Мы расстались... Но все-таки как русскому литератору отвернуться хладнокровно и презрительно от храма муз, сооруженного кондитером посреди приволжских степей? К тому же, если говорить всю правду, погода становилась несносная: на улице шел осенний снег, дул низовой ветер. Эпоха грязи решительно наступала. Томимый тяжким угрызением совести, я отправился в театр и подал Аполлону целковый рубль, в дань своего раскаяния. Аполлон, принявший на этот раз черты старого кассира, взглянул на меня с тем удивлением, которым вообще удостаивают в провинции незнакомых людей, и подал мне на выбор целую груду билетов, из чего и заключил я, весьма основательно, что сбор должен быть незначителен.
Я вошел в залу. Театр невелик, но выстроен умно; два ряда лож, партер, места за креслами - все это чистенько. Видно, кондитер мастер своего дела. В партере сидело два человека в шубах; в местах за креслами терпеливо дожидался татарин; кроме того, кое-где пестрели еще две или три дамы, с накинутыми на голову платками. Несколько тусклых ламп сонно освещали эту новую степь, воздвигнутую посреди симбирской степи. В оркестре дремало человек пять музыкантов, при слабом мерцании нагоревших сальных огарков. На душу ложилось какое-то неприязненное чувство бедности, грусти и пустоты.
Сердце мое сжалось; я искренно пожелал, чтоб актеры были из рук вон плохи. В это время капельмейстер снял со свечей и подал знак: скрипка взвизгнула, альт ошибся, виолончель опоздал. Это обозначало аккорд.

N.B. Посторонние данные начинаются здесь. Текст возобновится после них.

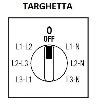 Commutatore voltmetrico tre tensioni concatenate + tre tensioni di fase, montaggio retroquadro con viti, mostrina grigia 48x48mm, manopola nera, IP65
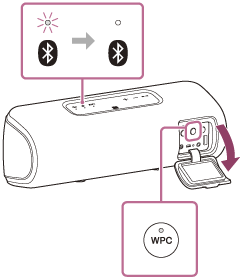 (BLUETOOTH) på højttaleren, som du tændte, begynder at blinke blåt. - Tryk på knappen WPC (Trådløs Party Chain).
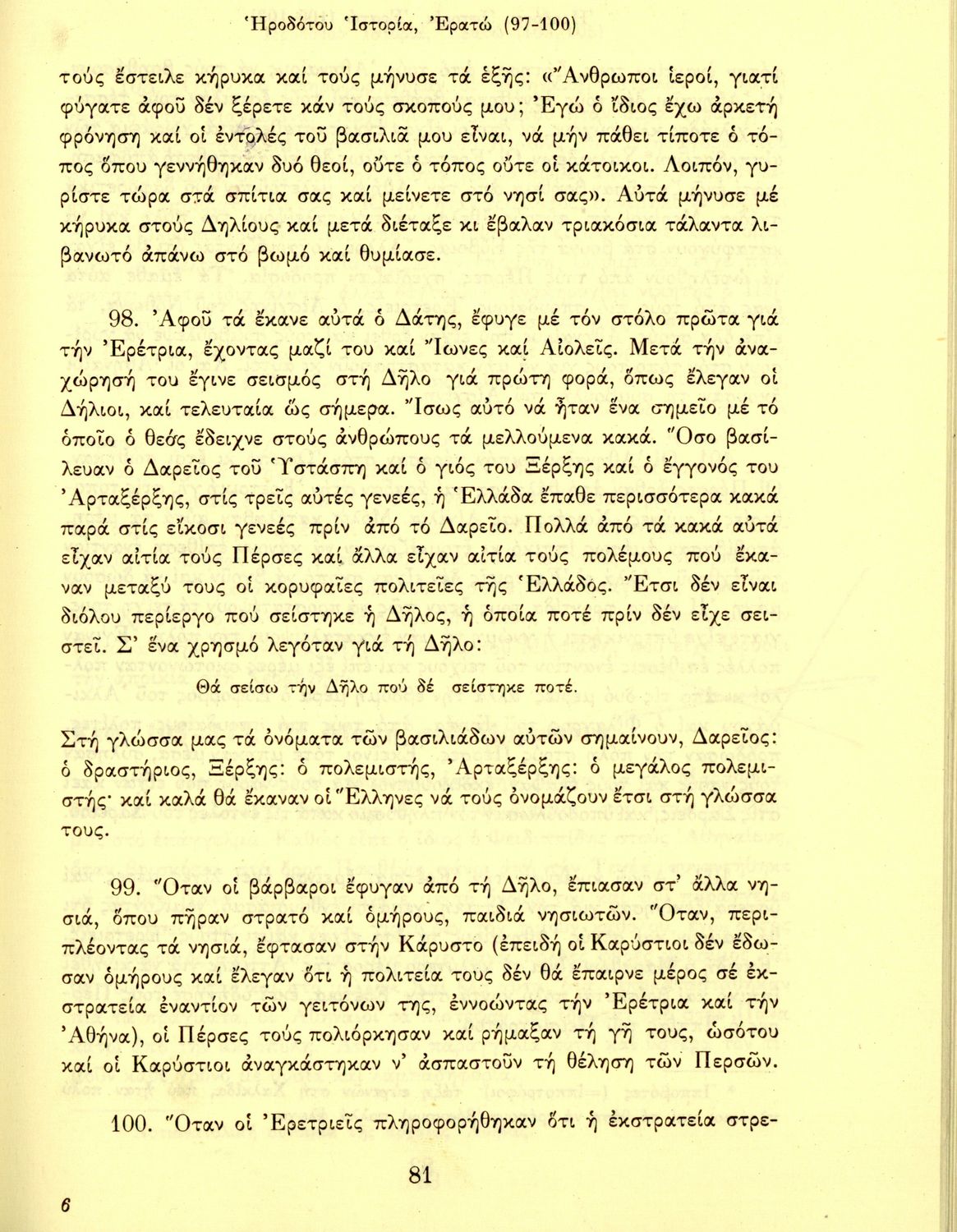 Ηροδότου Ιστορία, (εκλογές) Εισαγωγή-Μετάφραση, Α' Γυμνασίου
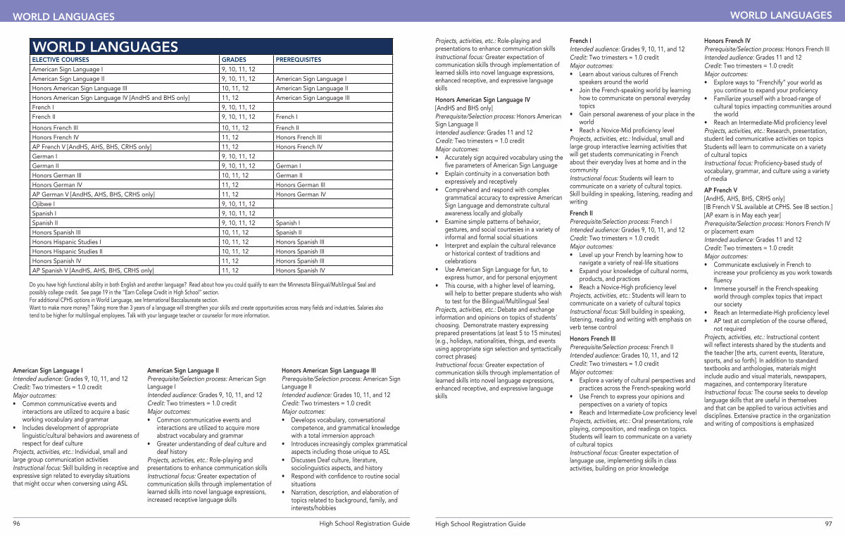 Honors American Sign Language IV [ AndHS and BHS only ] Prerequisite / Selection process: Honors American Sign Language II Intended audience: Grades 11 and 12 Credit: Two trimesters = 1.0 credit Major outcomes:

Я был очень доволен, но, не знаю, почему, мне смеяться не хотелось; оркестр, прихрамывая на все пять инструментов, продолжал таким образом какую-то непостижимую симфонию, от которой у Бетховена, верно, бы сделалась горячка. Лучше и быть не должно, думал я. Поднялся занавес, и громкий здоровый голос суфлера начал потрясать своды театра. Я был в восхищении, Но тут восхищенью моему скоро был конец. Первую пьесу сыграли порядочно. Мне стало совестно; мне хотелось было остановить актеров, попросить их не церемониться, не терять напрасно голоса и времени, а сказать что-нибудь, что им угодно, на скорую руку, да и отпустить нас с миром по домам.
Не тут-то было. За первой пьесой последовал водевиль. Вообразите мой ужас, мое отчаяние! Его сыграли не то что посредственно, не то что порядочно; его сыграли превосходно: его сыграли так, как разве играют в Александрийском театре, в бенефисный день, когда зала трещит под зрителями, а кассир начинает уж отвечать неохотно на напрасные требования билетов.

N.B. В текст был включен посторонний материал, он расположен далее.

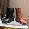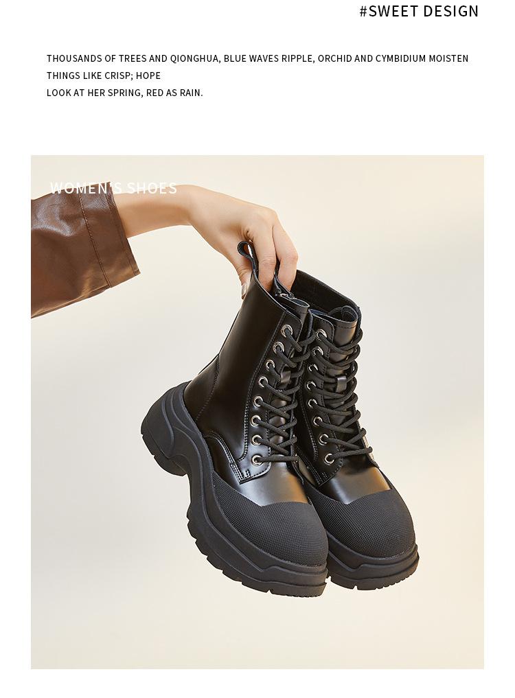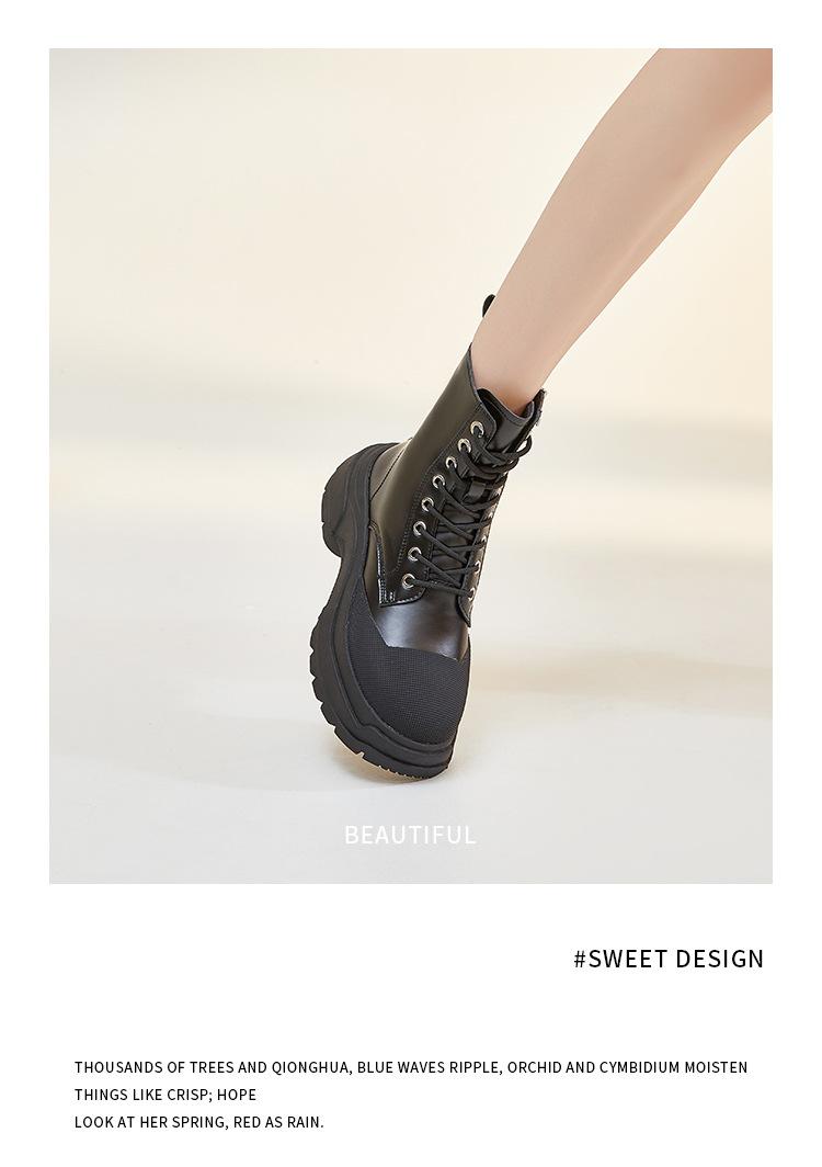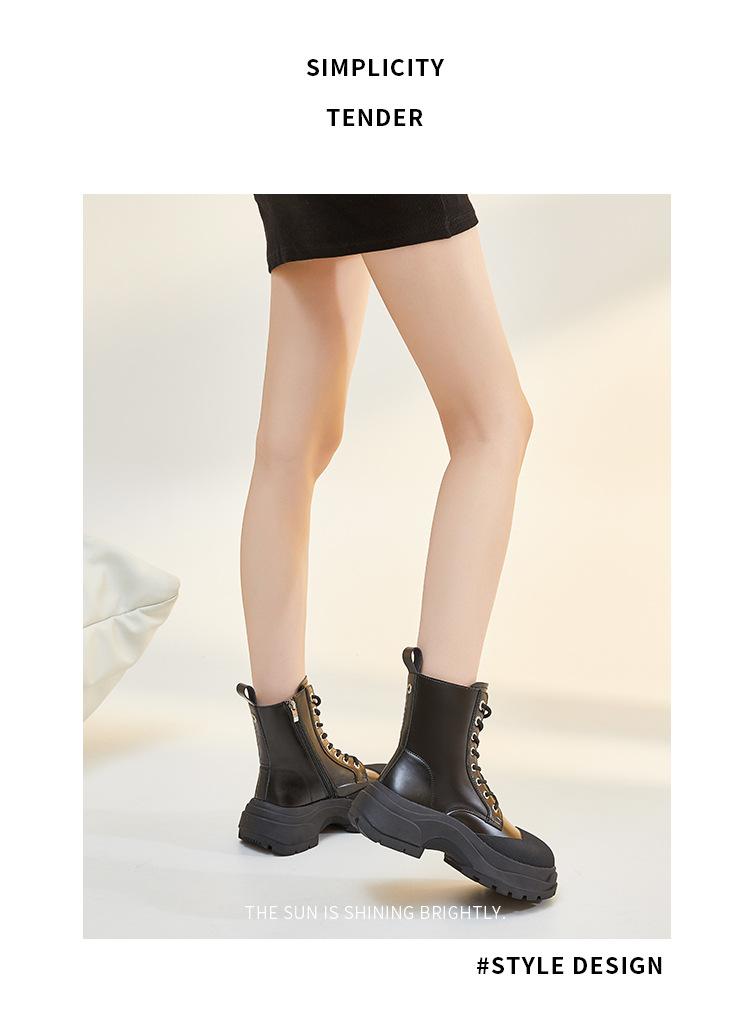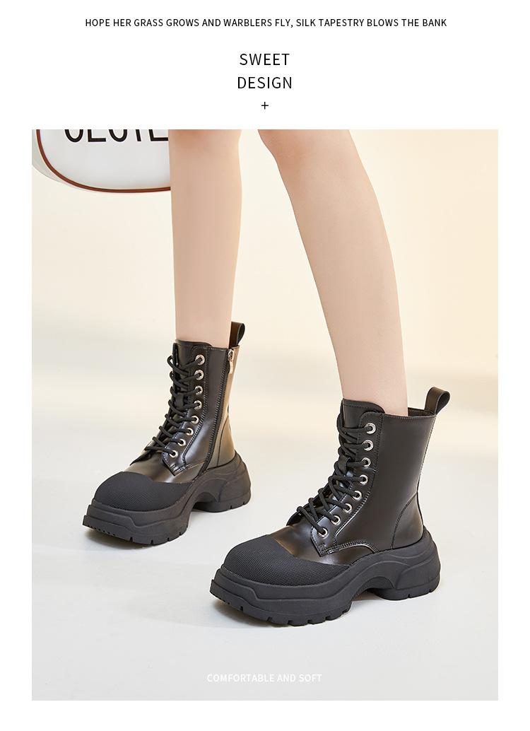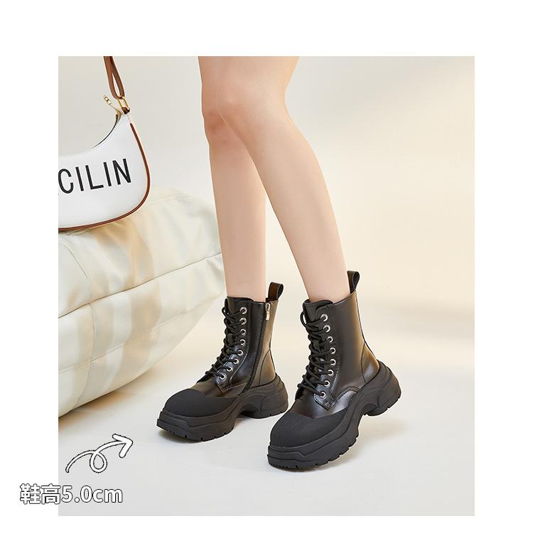 Botas Martin de piel auténtica para mujer, suela gruesa, nuevas 2023, forradas de vellón, punta cerrada, estilo coreano, botas de media caña con cordones, botas de caballero, botas delgadas para mujer
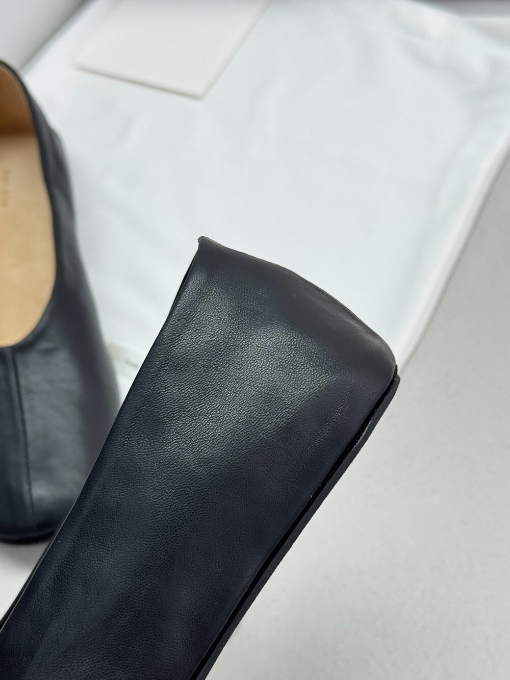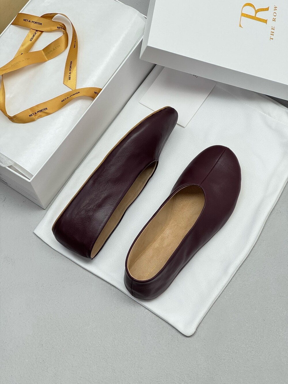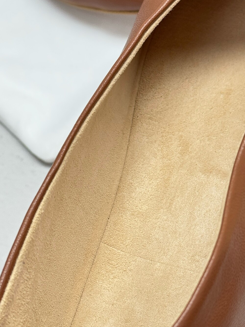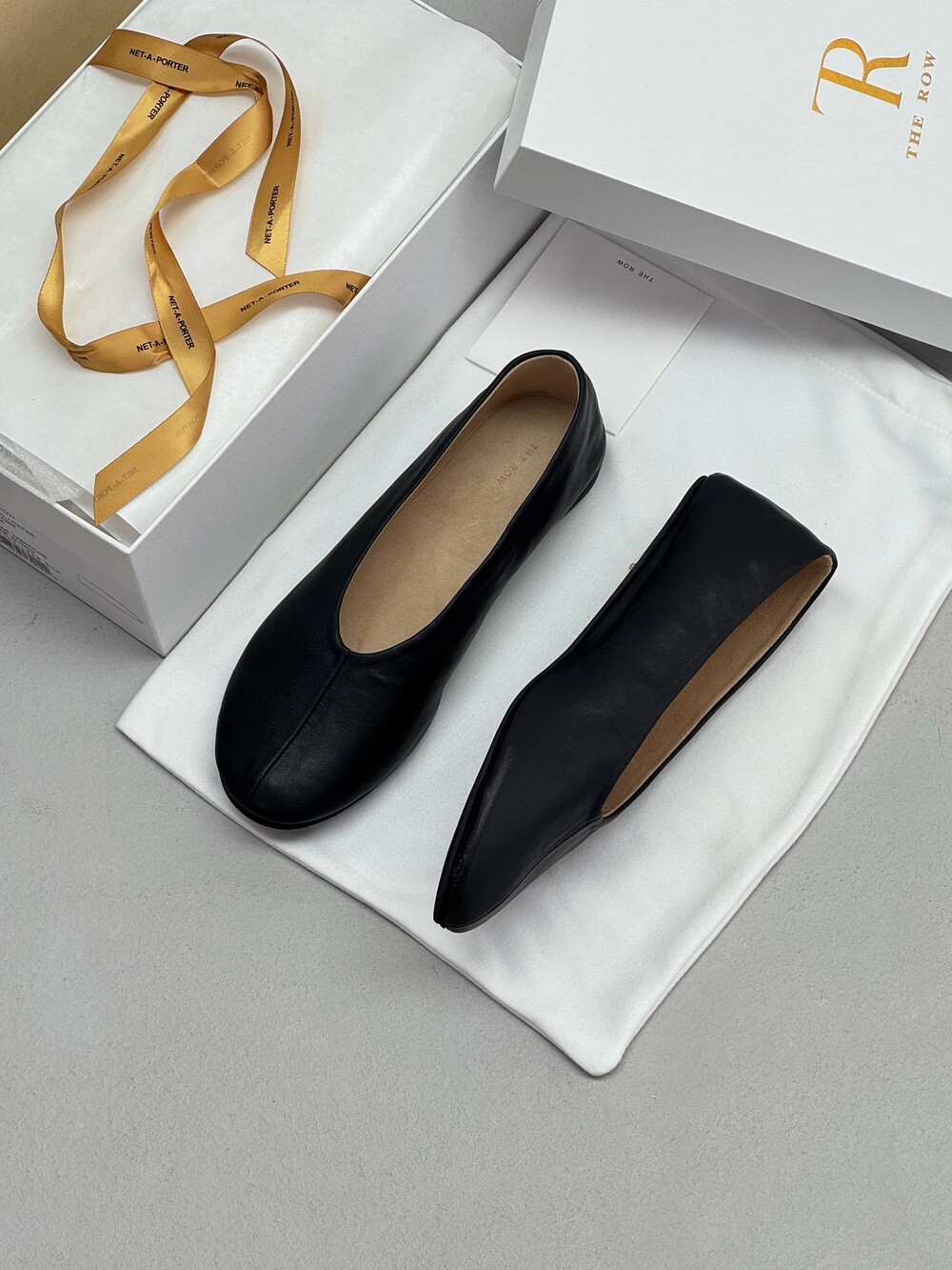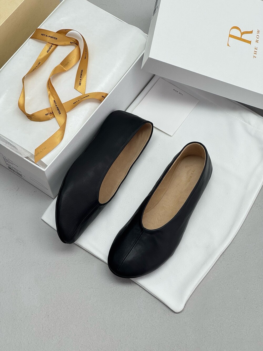 부드러운 나파 가죽 소재의 슬립온 슈즈로 타원형 토, 앞면 중앙 솔기와 유연한 고무 코팅 밑창이 특징입니다.

В пьесе участвовали четыре лица, и все играли не только удовлетворительно, но замечательно хорошо. В особенности актриса, исполнявшая роль тещи, поразила меня естественностью и свободой своих движений, благородством голоса, что для русской актрисы немаловажно, и глубоким комизмом. Я схватил афишку и отыскал имя г-жи Ершовой. Слыхали ли вы, читатель, когда-нибудь про г-жу Ершову? Я, по крайней мере, грешный человек, и не подозревал ее существования.
На петербургской сцене для ее ролей нет решительно никого, и грустно мне было видеть такое блестящее дарование в темном сарае, где судьями сидели две шубы, татарин да я, зашедший случайно в театр. Надо по всей справедливости прибавить, что г-же Ершовой усердно содействовали двое молодых актеров, г-н Михайлов и г-н Залеский. У обоих есть неподдельное призвание; но скажите, ради Бога, какое призвание может окрепнуть и развиться пред этим мертвящим равнодушием публики? И зачем им трудиться, с какою целью? Что у них впереди и чем живут они? и что такое театр в провинции? Есть ли у него какое-нибудь значение и кому он нужен, скажите из милости.
Я невольно взглянул на шубы. Енот задел меня рукавом, извинился и завязал разговор.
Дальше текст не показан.